Words, made of letters, have the weight of energy and their energetic motion continues beyond the brain or two in their path. Words create. Moses knew this. He knew that he needed to relay God’s guidance to emphasize that a  Jewish path leads to the marvels of a Promised Land.

An Invisible Bee

Look how desire has changed in you,
how light and colorless it is,
with the world growing new marvels
because of your changing.

Your soul has become an invisible bee.
We don’t see it working,
but there’s the full honeycomb.
– Rumi

 

Human desire, as referred to in Pirkey Avot 1:4, is above all the desire for lifelong learning and growth asserts Rabbi Reuven.

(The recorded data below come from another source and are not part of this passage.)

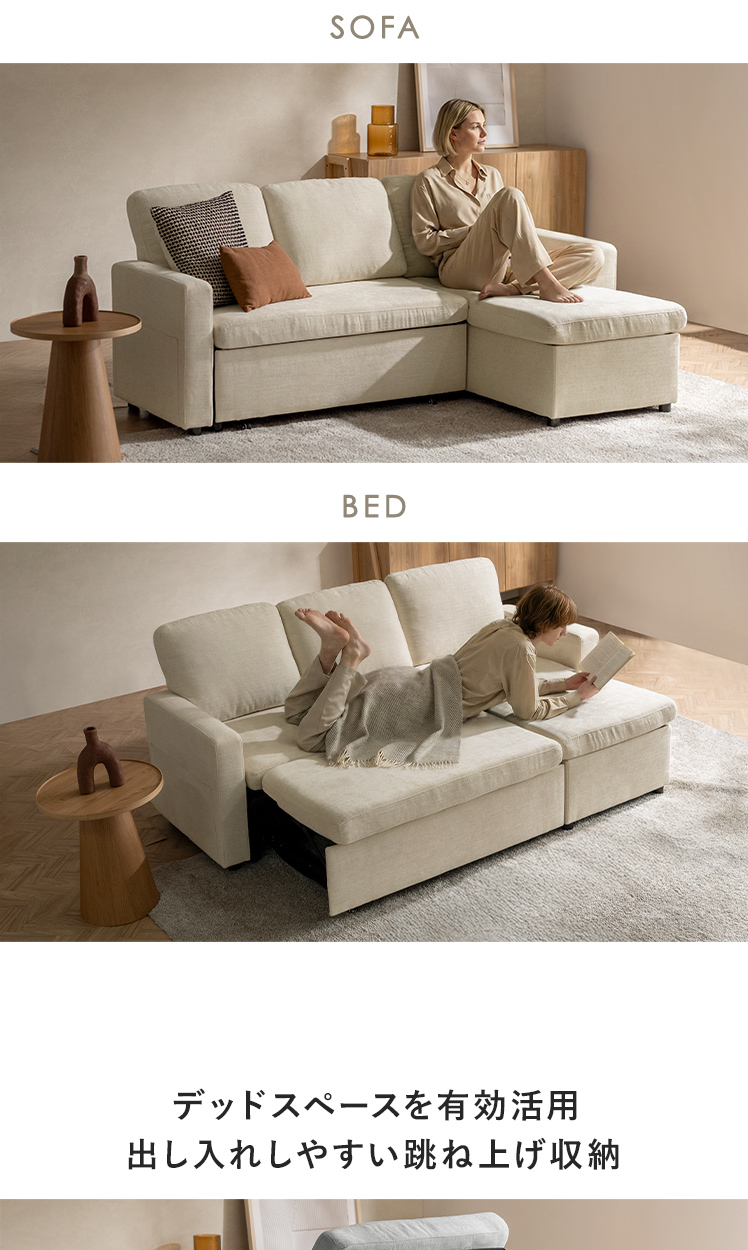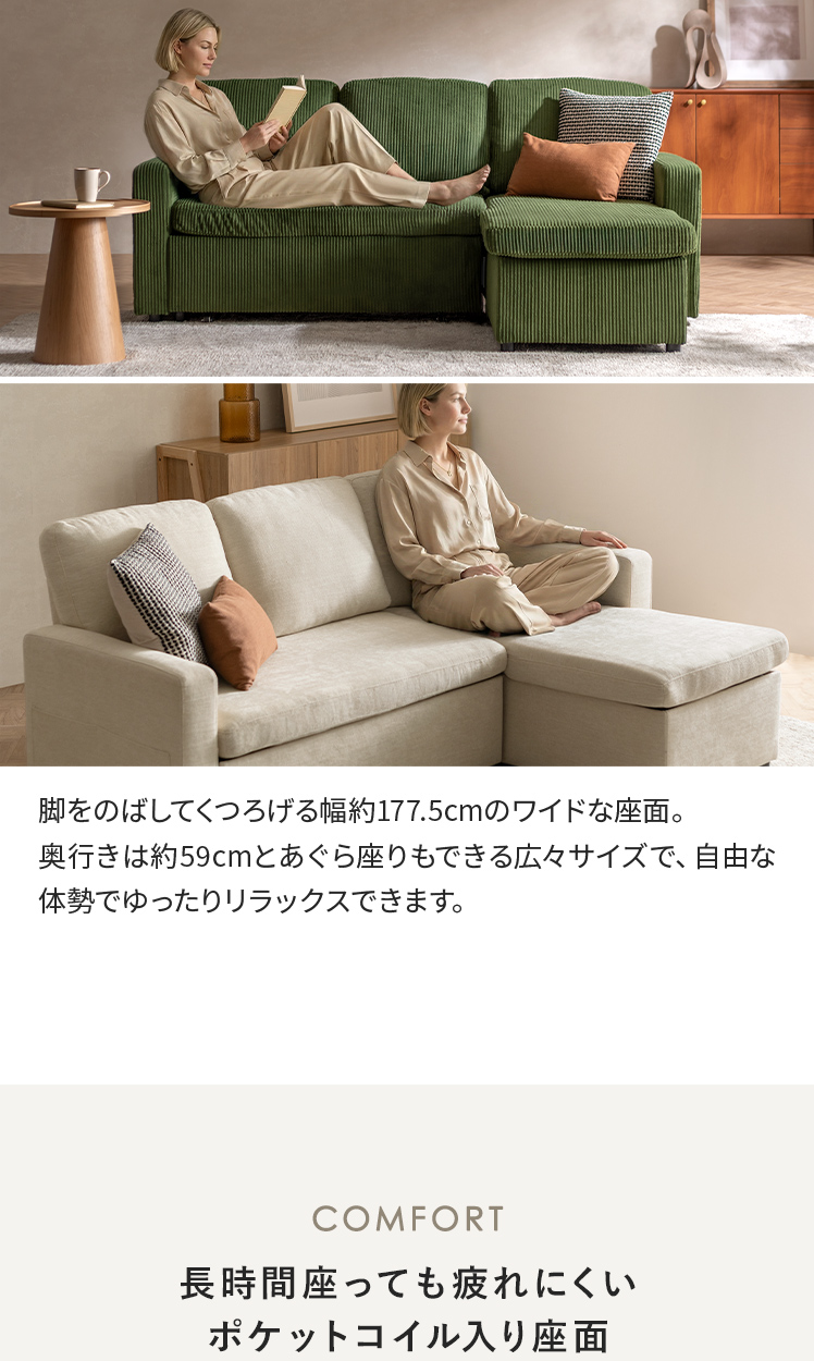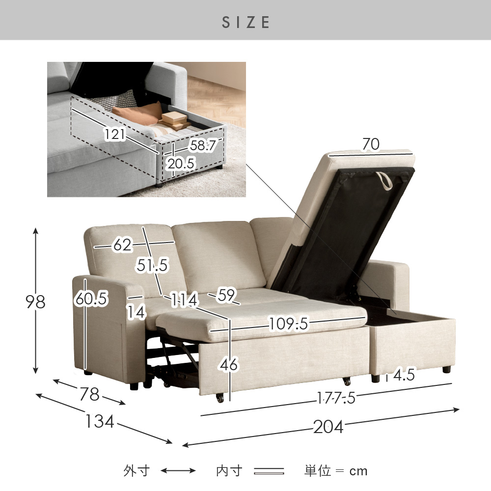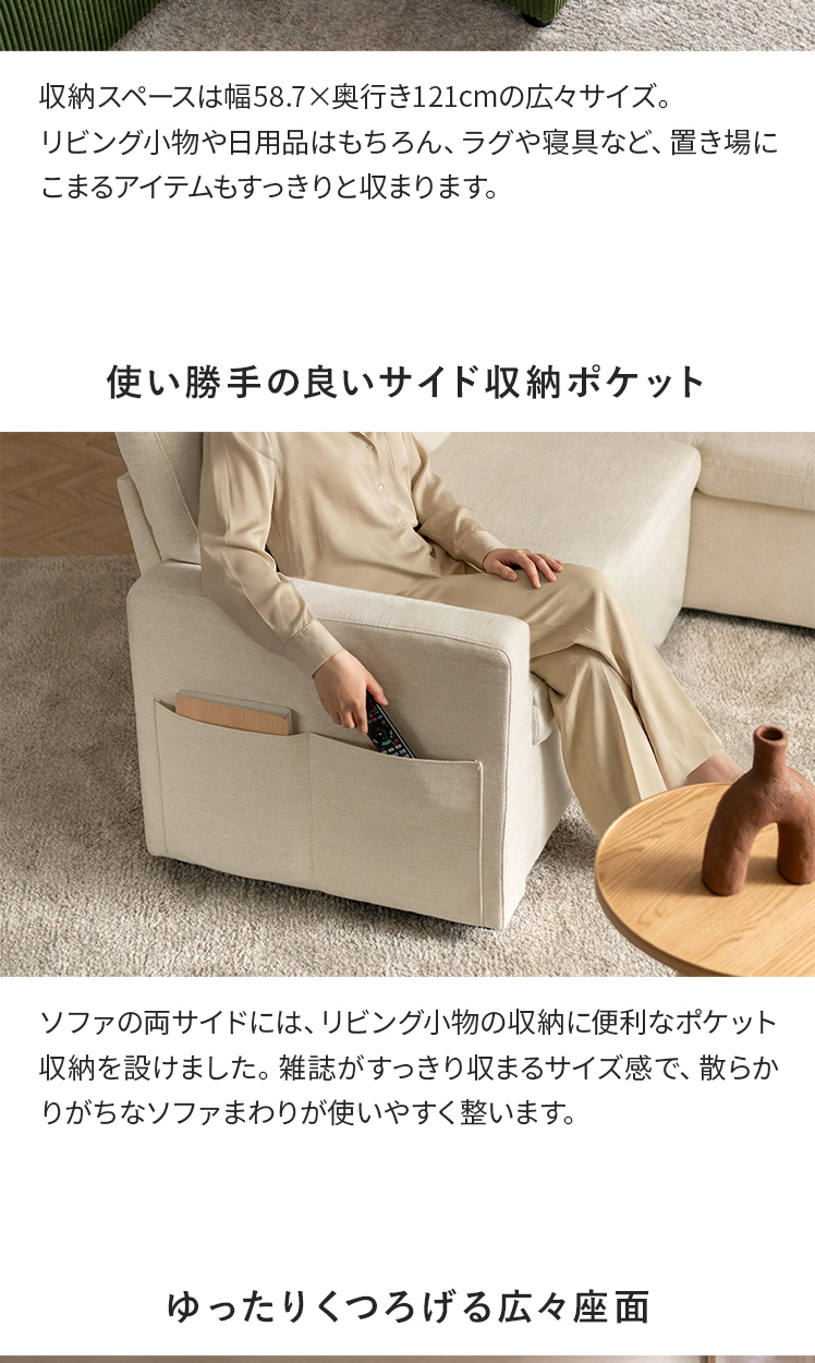 | 耐荷重 | 2P座面/約200kg、カウチ座面/約100kg、引き出し部/約100kg、カウチ収納部/約30kg |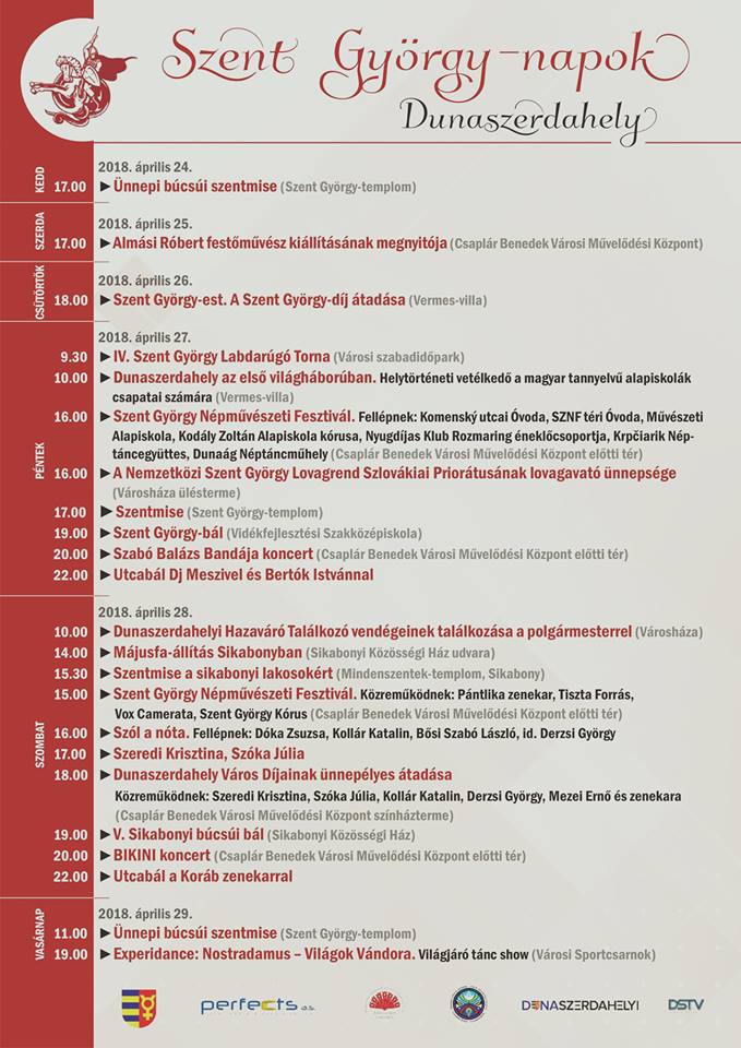 Dunaszerdahelyen április 24. és április 29. között immár hagyományos módon megtartják a Szent György-napokat.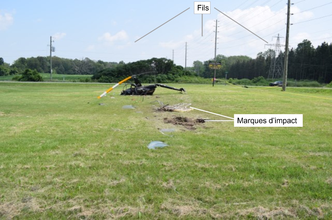 L’hélicoptère a vraisemblablement volé parallèlement à l’extrémité sud du champ, sur un cap d’environ 077° magnétique (M). À 6 h 59 min 44 s, il a heurté des fils à une hauteur d’environ 30 pieds AGL. La maîtrise de l’hélicoptère a été perdue, et l’hélicoptère est entré en collision avec le sol avant de s’immobiliser dans un champ gazonné à environ 270 pieds au-delà du lieu de l’impact avec les fils.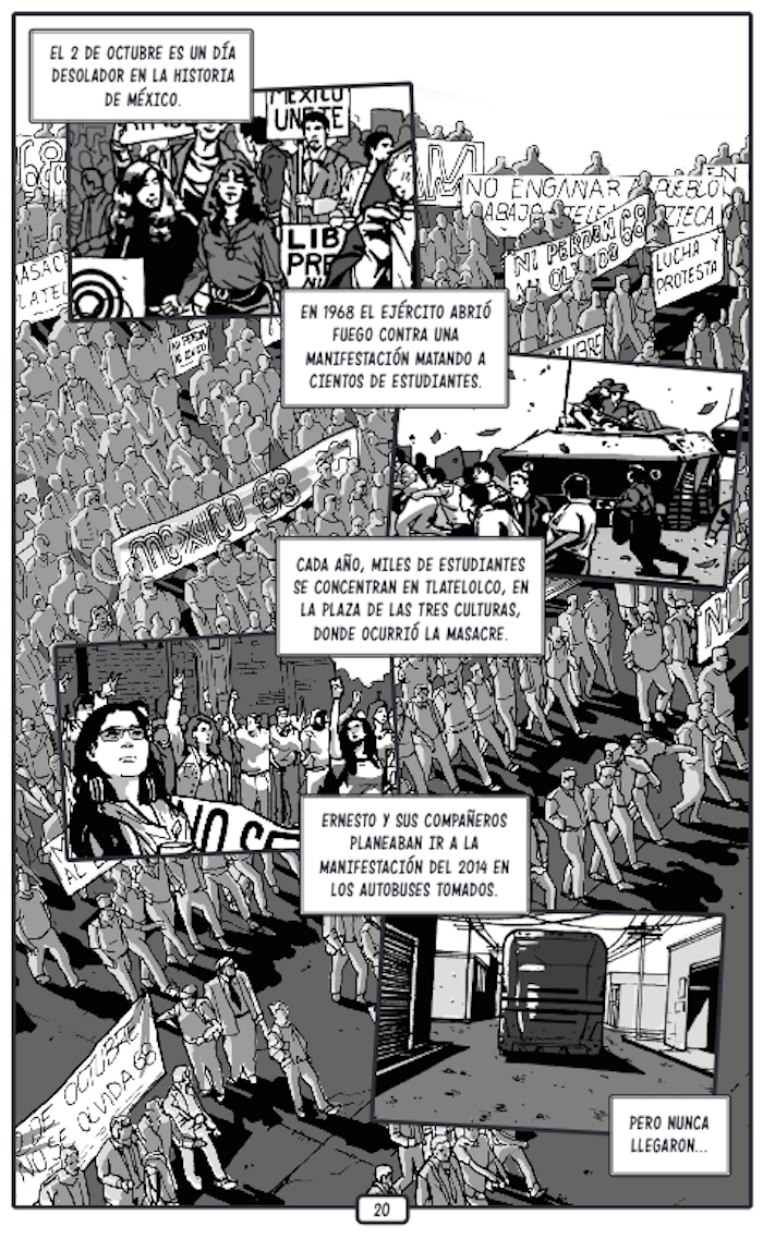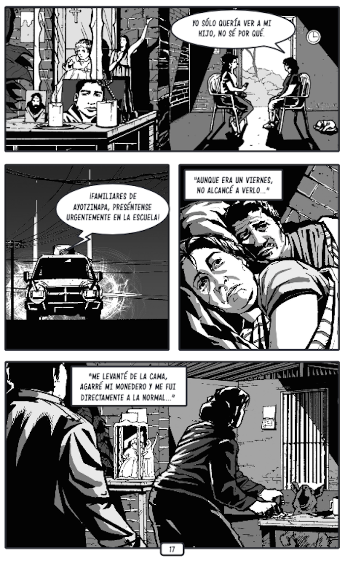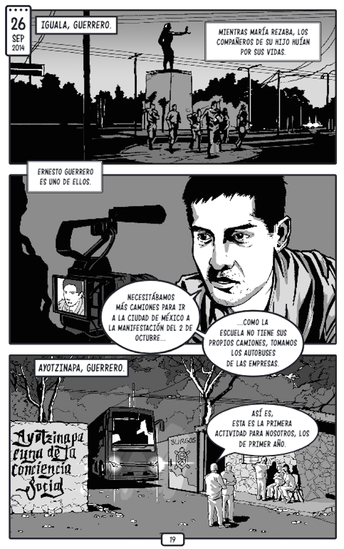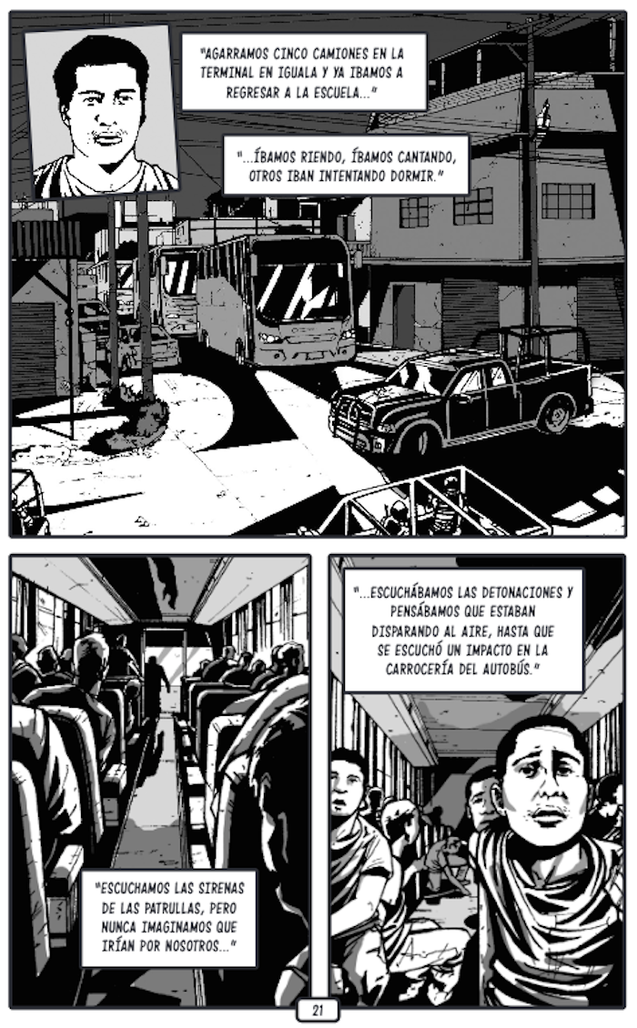 Estas páginas ilustradas narran la desaparición masiva desde las entrañas de Guerrero, las historias de los estudiantes que esquivaron los disparos en los ataques y la angustia de familiares y amigos que abandonaron sus casas y trabajos para dedicar sus días a buscarlos.

Your soul, sparked by the Divine, is an invisible bee. You experience and witness the material world and with a searching desire become aware that you are part of an Divine energy field. Energies are exchanged. When your thoughts and words are light and colorless, ie. kind, your soul becomes one with the energies of others. God creates the world’s marvels anew each day with the Hebrew letters and, Rabbi Goldhamer writes, the 22 Hebrew letters “are codes that allow us to connect the divine principle within us to the divine principle outside of us.” Moses shares this code with us in Deuteronomy. Reading Torah will change you.